▶ [Work item] Exactly the lines from the one containing "サイドは耳たぶくらい トップ" through the one containing "Hourly footfall distribution." in the listing below are to be copied, with the pictures left out.

▶ [Records for processing]
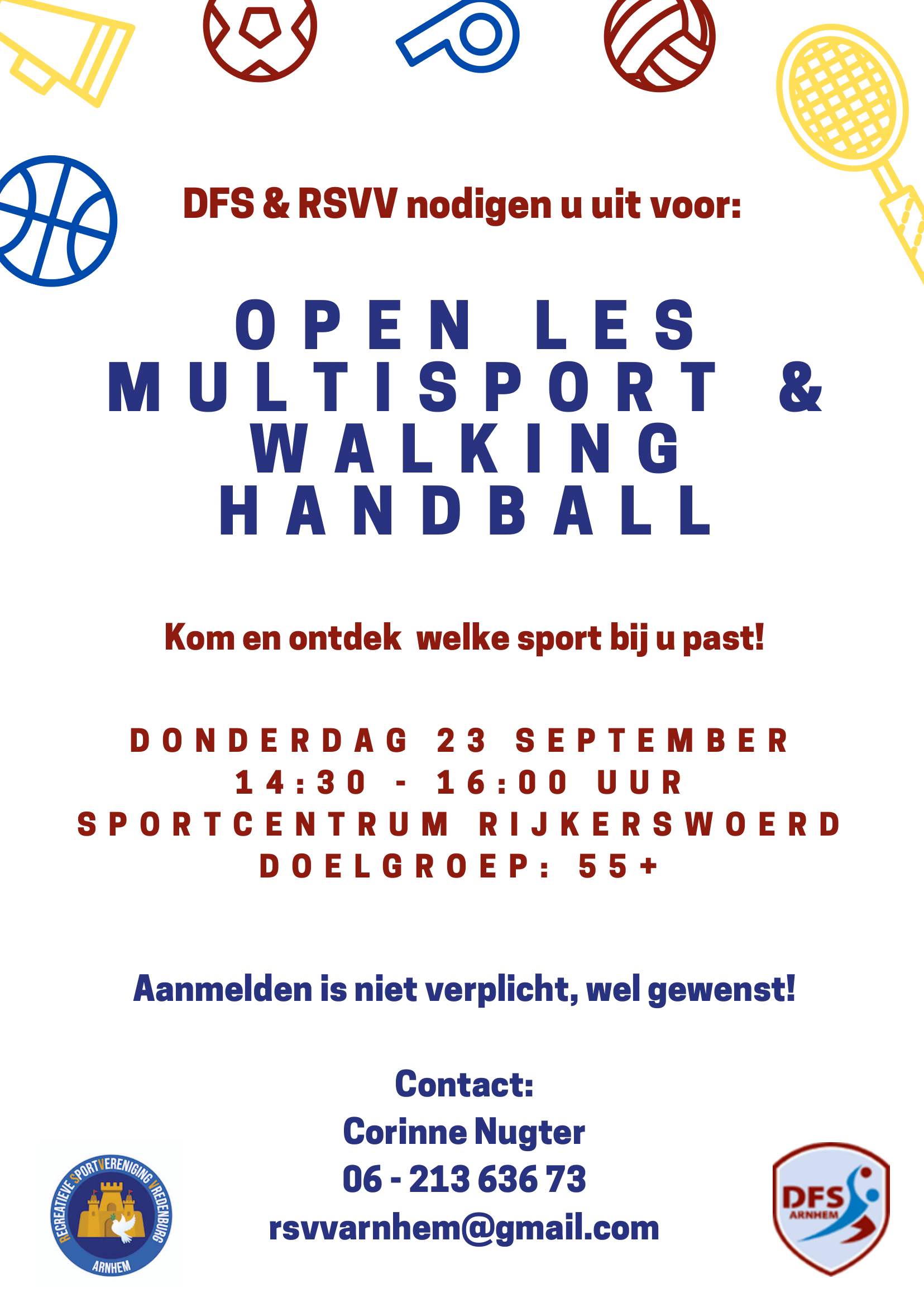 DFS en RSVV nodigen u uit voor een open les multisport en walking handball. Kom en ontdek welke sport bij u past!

--

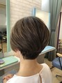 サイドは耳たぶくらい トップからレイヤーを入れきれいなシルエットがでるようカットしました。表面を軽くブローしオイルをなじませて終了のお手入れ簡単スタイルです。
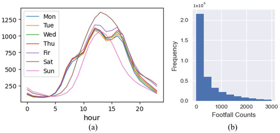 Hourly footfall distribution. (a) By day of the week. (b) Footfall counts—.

==

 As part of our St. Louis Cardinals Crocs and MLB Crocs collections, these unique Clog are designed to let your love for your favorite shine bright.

▶ [Written response]
 サイドは耳たぶくらい トップからレイヤーを入れきれいなシルエットがでるようカットしました。表面を軽くブローしオイルをなじませて終了のお手入れ簡単スタイルです。
 Hourly footfall distribution. (a) By day of the week. (b) Footfall counts—.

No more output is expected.